■ Problem statement
When copying the data below, keep only the lines from the one with "Играет на Counter" through the one with "截止5 月31 日,Minu", word for word, and skip the pictures.

■ Records to use
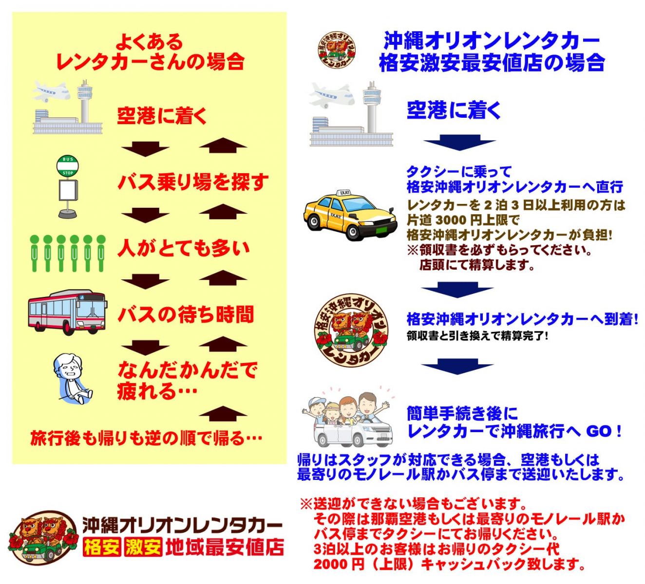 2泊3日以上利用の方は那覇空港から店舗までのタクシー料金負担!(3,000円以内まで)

* * *

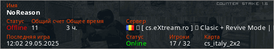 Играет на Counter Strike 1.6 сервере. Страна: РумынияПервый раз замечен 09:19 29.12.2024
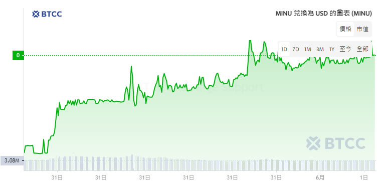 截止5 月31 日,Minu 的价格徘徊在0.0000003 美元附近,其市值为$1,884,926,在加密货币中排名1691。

* * *

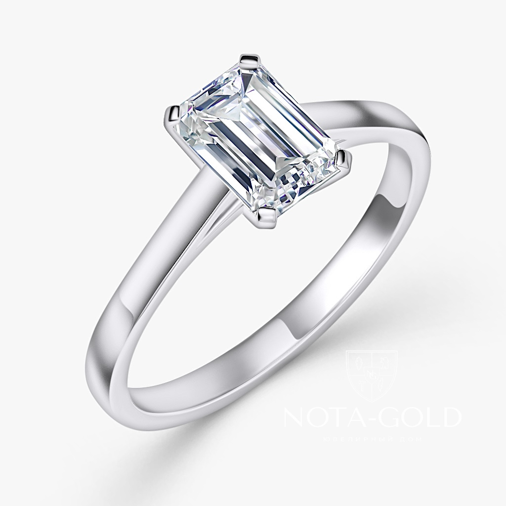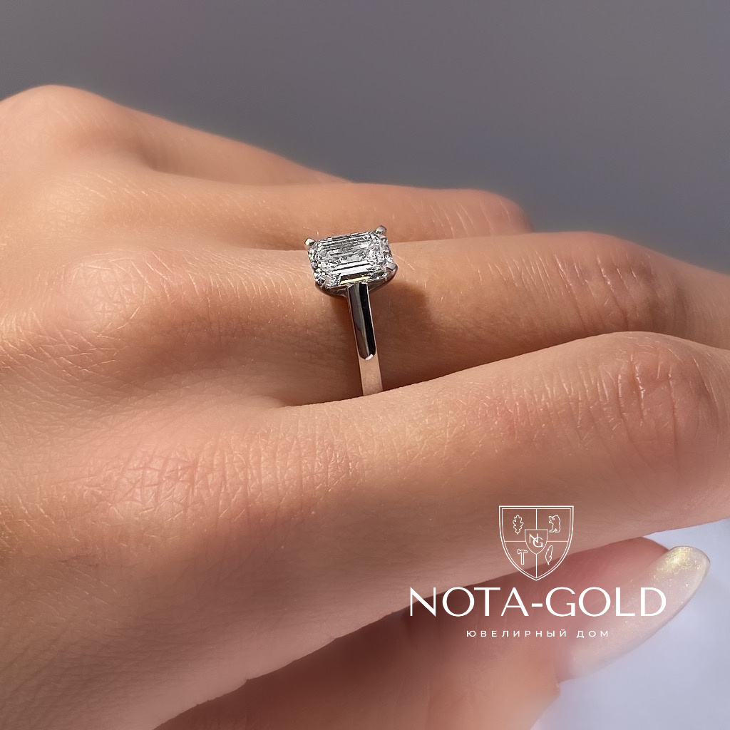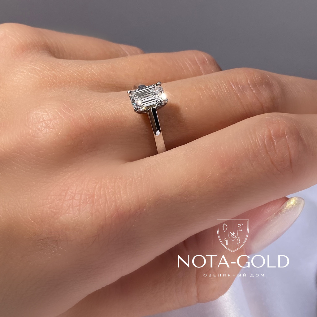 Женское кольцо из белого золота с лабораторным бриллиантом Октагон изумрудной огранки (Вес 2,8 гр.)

■ Answer to the exercise
 Играет на Counter Strike 1.6 сервере. Страна: РумынияПервый раз замечен 09:19 29.12.2024
 截止5 月31 日,Minu 的价格徘徊在0.0000003 美元附近,其市值为$1,884,926,在加密货币中排名1691。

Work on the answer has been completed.